In this way, the roof R for the storage room 14 can be provided relatively easily from the ground surface, with low costs and in a short time. The roof will prevent a leak of radioactive components to the surface.

B. Reinforcement of a river bank (see fig. 6)

After the landward side of a thrust 16 on a rock fill 15 has been reclaimed, construction work is carried out to reinforce the ground in a reclaimed area. (1) A vertical reinforcement wall 17 is built on the back of the support 16. This vertical reinforcement wall 17 can be built by using the digging device with the cutter 2, as shown in fig. 1 and 2, a continuous trench is excavated, the cutter being placed vertically on the carriage 1. After digging, a hardenable solution is poured into the continuous trench, and the solution is allowed to solidify. (2) Behind the vertical reinforcement wall 17, an inclined continuous trench is excavated using the digging device in fig. 1, and an inclined wall 18 is built by filling this inclined trench with a hardenable solution.

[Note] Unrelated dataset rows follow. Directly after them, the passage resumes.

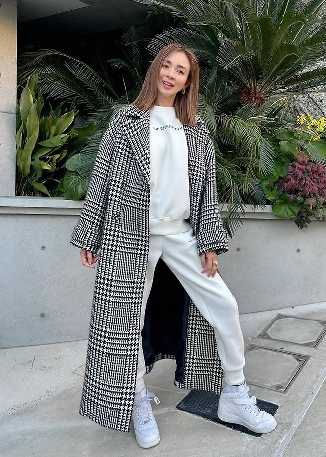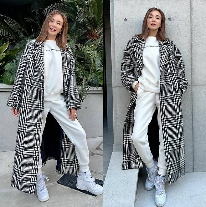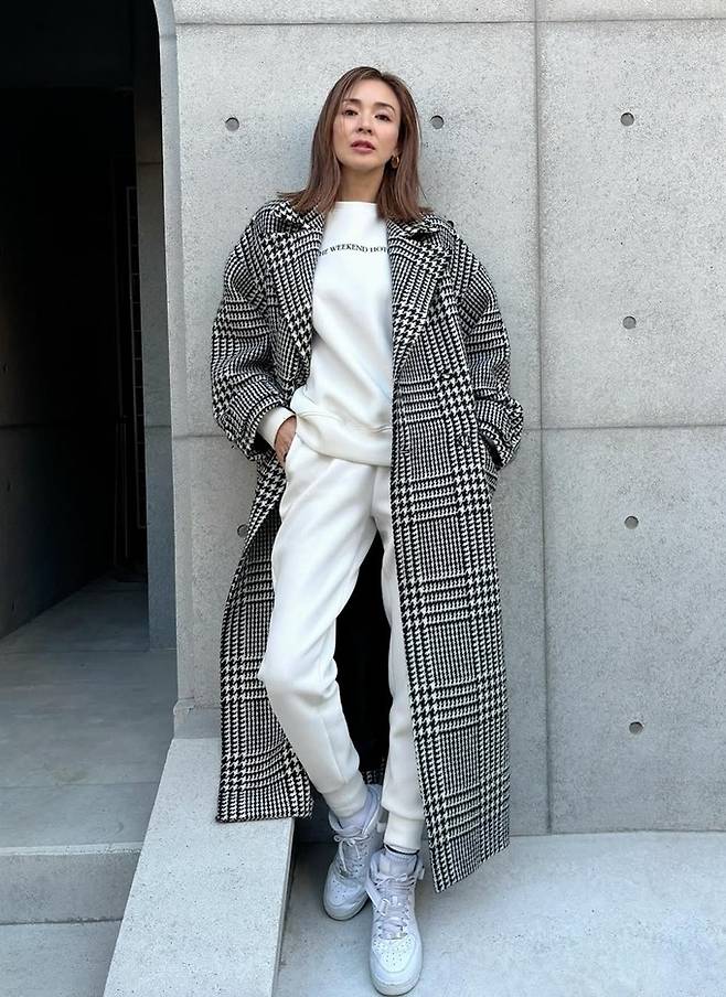 공개한 사진에서 야노시호는 화이트 스웻 팬츠와 셔츠 셋업에 체크 롱 코트를 입고 믹스앤매치의 진수를 선보였다.
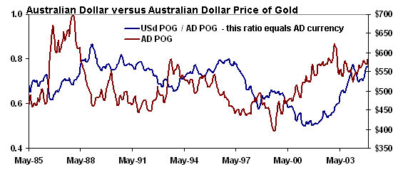 Since then it has recovered to its March 2002 level but has stabilized to just a 3% annual growth rate. Nevertheless, besides the fact that it supports our earlier contention of the relationship between narrow money and gold values, broad money is still growing at 10%, and 3% growth in narrow money is still inflation though maybe not inflation-ary. It is, at any rate, more inflationary than the Fed on average to this day, and moreover, besides the Bank of Japan, the others have been generally more inflationary than the Fed – which is important since it is relative to the US dollar. The ECB has been growing narrow money at a faster annualized rate (7-12 percent) than broad money (5-8 percent) since January 2002. The Bank of England is growing both M1 and M3 at double digit rates and the trend is conspicuously up in both cases – of course, the Pound has been a relatively weak currency and the Sterling price of gold has accordingly been relatively strong recently. These differences are all reflected to some varying degree. But except for the USd, Yen, Swiss Franc, and Pound, most of the other foreign currencies have seen real (gold) gains in their value over the past two years despite the inflation facts – though the Yen should not be in that list if it weren’t for the fact that the BOJ’s deliberate interventions keep it undervalued against the USd (boosting Gold:Yen), and also, Japan has been mulling abandoning its bank deposit guarantees. In any case, generally I want to pin the weaker foreign currency price of gold on the illusory but greater nominal returns offered in those marginal currencies at the moment, and which tend to compete with gold demand in the respective currencies. That’s another way of saying that these currencies have overshot – not necessarily in terms of exchange rates (since the trade data suggests otherwise) but in terms of real (gold) values. The monetary and economic fundamentals argue against a return of the disinflation-ism at any of the central banks let alone the Fed, and the data proffers scant evidence that the gains in real values for the marginal currencies is derived from real monetary restraint or related factors and that it is going to ripple through the currency complex like it did in the nineties. The trade data tells us that the foreign exchange value of the US dollar still has room to fall; the monetary data tells us that all the currencies are overvalued against gold for roughly the same reasons – the competition for domestic gold demand from financial assets that are stoked artificially through inflation policies (rather than really through the productivity miracle for instance). In other words, the resolution to this state of affairs in our analysis is that gold prices begin to rise in foreign currency terms but faster in USd terms, which is basically the same as saying that the real (gold) value of the US dollar will fall faster than the US dollar’s foreign exchange value. It does not infer a bottom in the FX value of the US dollar. The case for a bottom in the foreign exchange value of the US dollar rests on the case for a reversal of the relationship between the foreign currency price of gold and the USd price of gold (POG). That is, when the foreign currency POG begins to rise RELATIVE TO the USd POG – which is the same as saying when either the foreign currency POG begins to rise faster than the USd POG or the USd POG begins to fall faster than the foreign currency POG. In our opinion, this inflection point will be marked by the coming down turn in most stock markets. As a final reflection on our outlook above, recall that the foreign currency price of gold leads (for the relatively marginal currencies): of the divergences between the AD price of gold and the USd price of gold since 1971 where the AD price of gold peaked first there were only two instances where the USd price of gold did NOT follow suit, and where the continued rally in the USd price of gold forced the Australian dollar price of gold higher instead. Both instances occurred during the 1985-87 gold rally – the second best gold leg besides the current one since the seventies. Although the AD price of gold bottomed first in 1985, it peaked twice during that cycle while the USd price of gold continued higher (like today); and both times the AD price of gold ended up breaking out higher. However, the final peak occurred in the AD price of gold first, and not long after its last break out higher. In any case, foreign currency gold price trends are important to monitor as leading indications. Could POG Divergences Be Related
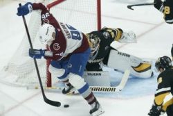 PITTSBURGH (AP) — Mikko Rantanen collected his 10th career hat trick and added two assists as the Colorado Avalanche beat the Pittsburgh Penguins 6-2. Rantanen flipped in a puck over Tristan Jarry late in the first period for his 16th goal of the season. He picked up his 17th early in the second and added an empty netter late to celebrate his 600th game in style. Nathan MacKinnon added a goal and four assists for Colorado, which finished 4-1 on a five-game road trip. Michael Bunting and Cody Glass scored for Pittsburgh, which lost for just the second time in its last seven games.
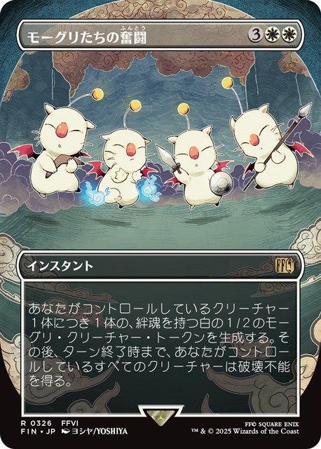 同じくマスコットキャラクターより「モーグリたちの奮闘」が登場。戦闘中のトリックとして使うことで相手の除去からクリーチャーを守ったり、有利なブロックに繋げるなどさまざまな場面で活躍するカードとなっている。『FFVI』でモーグリたちがティナの逃走を手助けするシーンが描かれている。
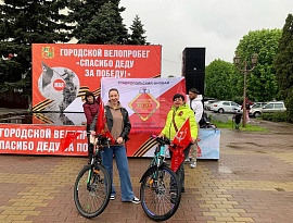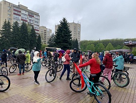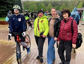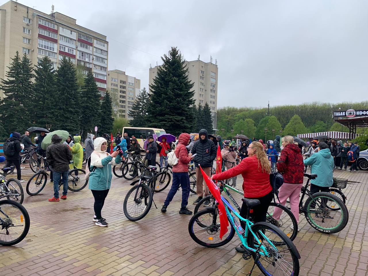 Несмотря на дождливую погоду участники велопробега собрались и проехали по улицам города, чтобы почтить память наших героических предков.

(3) Behind this inclined wall 18, a vertical reinforcement wall 17 is built.

After an underground reinforcement has been built up by means of the successive construction of vertical reinforcement walls 17 and inclined walls 18 within a certain area, a road 19 with fixed road surface is built on the surface.

The inclined wall 18 can be a single wall that runs diagonally between the vertical reinforcement walls 17, or it can be two inclined walls that cross each other.

By building the inclined walls 18 between the vertical reinforcement walls 17, the strength of the underground reinforcement can be significantly increased, and in particular it applies that a river bank wall can be provided which is highly resistant to earthquakes.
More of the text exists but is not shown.